Scandal's Daughters
Page 18
He did not. At present, Hamish conducted his business in a corner chair at Smyth’s Coffee House off the Grass Market, but such an establishment was hardly the place for a lady, even one as unflappable as Augusta Ivers.
“Never mind.” The lady was already waving him off, impatient to get to her point. “Walk with me, where we might not be overheard.” She took his arm, and led him back the way he had come, into the privacy of the garden. “It has recently come to my attention that the publishing house of Prufrock & Company is in some financial difficulty. This distresses me, as they were the publisher of my late brother’s entirely scandalous, but entirely popular novel.”
“Aye, my lady?” Hamish was familiar with the work. Indeed, any lad who had been to university in Scotland was familiar with the tale of Fanny Bahoochie—and there was a particularly apt name for the protagonist of A Memoir of a Game Girl. Sweet, game Fanny Bahoochie had been the stuff of schoolboy fantasy.
But how this might matter to him now, Hamish knew not.
Lady Ivers was keen to inform him. “I have been thinking of commissioning a new version of my late brother’s work to bring to publication. A considerably less scandalous version, retaining all of the charm, but a great deal less of the salacious content of the original.”
As far as Hamish was concerned, the charm of the original had been in the salacious content—at least it had been for the young gentleman readers at Saint Andrew’s University.
“If the book were in the right hands,” the lady continued to explain, “Prufrock—who still owns the rights, you see—could make a fortune. The work is notorious enough to still be well known—it would sell itself if Prufrock had enough talent and vision to create a version that would pass the censors. But Prufrock lacks both imagination and, to be frank, ready money.”
Ye gods.
A marvelous sort of sensation started at the back of his brain—the sort of tingling sensation that could not be ignored. The sort of sensation that had made—and lost—him several fortunes.
This time, he was determined to be prudent. “How much money?”

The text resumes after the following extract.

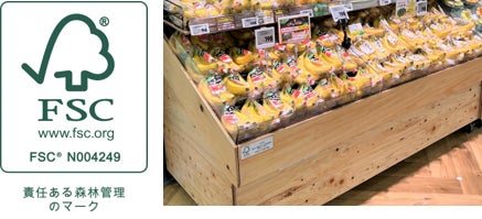 FSC認証とは、持続可能な森林活用・保全を目的として誕生した、「適切な森林管理」を広めるための国際的な制度です。当店では、青果売場で使用する一部の什器にFSC認証の木材什器を導入しています。

Lady Ivers gifted him with a pleased, knowing smile. “I like you, Hamish. You’re clever and quick. You understand.” She named a goodly sum. “Have you the blunt?”
Aye, he understood. He could practically taste the possibility—sharp and potent like good Scots whisky. And nay, he didn’t have the money. Not all of it. But he would get it.
Because Augusta Ivers was as sharp as they came—her acumen and head for investments were well known amongst her set. And Hamish was already acquainted with Prufrock & Company, Publisher and Fine Press, suppliers of high quality volumes of poetry—he had purchased a collection a time or two. The company was comprised of one Able Prufrock, ancient but well respected publisher, one articled clerk to mind the books, one pressman to mind the printing, and two gawking apprentices to mind the pressman—already a lean, if not presently profitable enterprise, occupying a small but efficient premises at the end of Fowl’s Close, which curved like a short, lower rib off the long spine of the High Street, down the back of the city.
“You see it, don’t you?” Lady Ivers pressed. “How their fortunes might be reversed with an infusion of cash which would allow then to print the new version of Fanny’s story? How the right man might reshape that novel into something more palatable and acceptable to the general public, not to mention the censors?”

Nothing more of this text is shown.